As described in section 6.3, out of ten possible small microsaccades per subject, the number of microsaccades detected by the seven subjects was [10, 8, 8, 7, 7, 6, 5]. Only the first detected microsaccade event during a time interval of 100-500 ms of each target onset was counted. If no small-movements were beyond the threshold value during that time interval, then the count was zero. Note that 27% of the microsaccades are not detected, mainly because of the significant head movement and simultaneous eye movement of the person to fixate at the gaze position. Figure 14 shows a number of microsaccades detected with the $\pi_{t}$ model. The P-CR signal has too much noise to allow the microsaccades to be detected.

7.6. Simulation Test

In this section, we explore the mathematical formulation in Equation 5 using simulated data. Our hypothesis is, given any two random signals ( $A_{noise}$ and $B_{drift}$ ) which are related to each other by first-order derivative/integration; where signals $A_{noise}$ and $B_{drift}$ are influenced by spatial noise and temporal drift respectively, then the $\pi_{t}$ algorithm can be used to estimate a signal that compensates for both spatial noise and temporal drift. Note that rather than attempting to replicate eye-gaze data we are simulating random signals $A_{noise}$ and $B_{drift}$ that fulfill the stated requirements.

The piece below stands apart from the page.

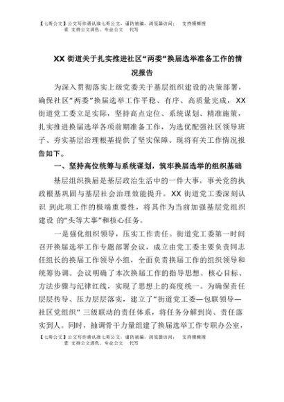 【七哥公文】2025年:XX街道关于扎实推进社区“两委”换届选举准备工作的情况报告+更多免费公文+VX:QiGeGongWen2024
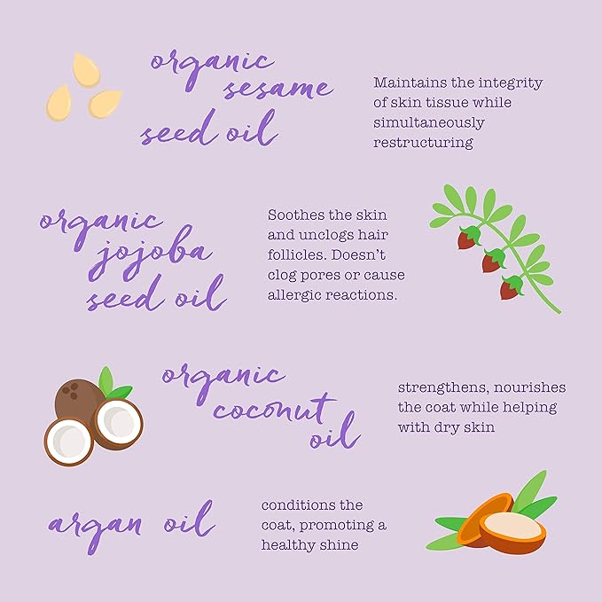 - MADE WITH ORGANIC INGREDIENTS: Our pet conditioner is pet pH balanced and made with clean, certified organic ingredients including Coconut Oil, Jojoba Seed Oil, Aloe Vera, Sesame Seed Oil and Argan Oil.

Signals $A_{noise}$ and $B_{drift}$ are derived from a 2 Hz square wave with an amplitude of three units sampled at 250 Hz for 2 sec followed by a 1 Hz sine wave with a peak amplitude of two units sampled at 250 Hz for the next two seconds. Signal $A_{noise}$ consists of the addition of random Gaussian noise ( $\mathcal{N}(0,0.03)$ with a sampling size of 1000) to the original signal (position-like signal; noisy). Signal $B_{drift}$ consists of the addition of random Gaussian noise ( $\mathcal{N}(0,0.01)$ ) in the spatial gradient of the original signal (velocity-like signal; temporal drift). Figure 15 shows ten such trials and its derived output based on $\pi_{t}$ .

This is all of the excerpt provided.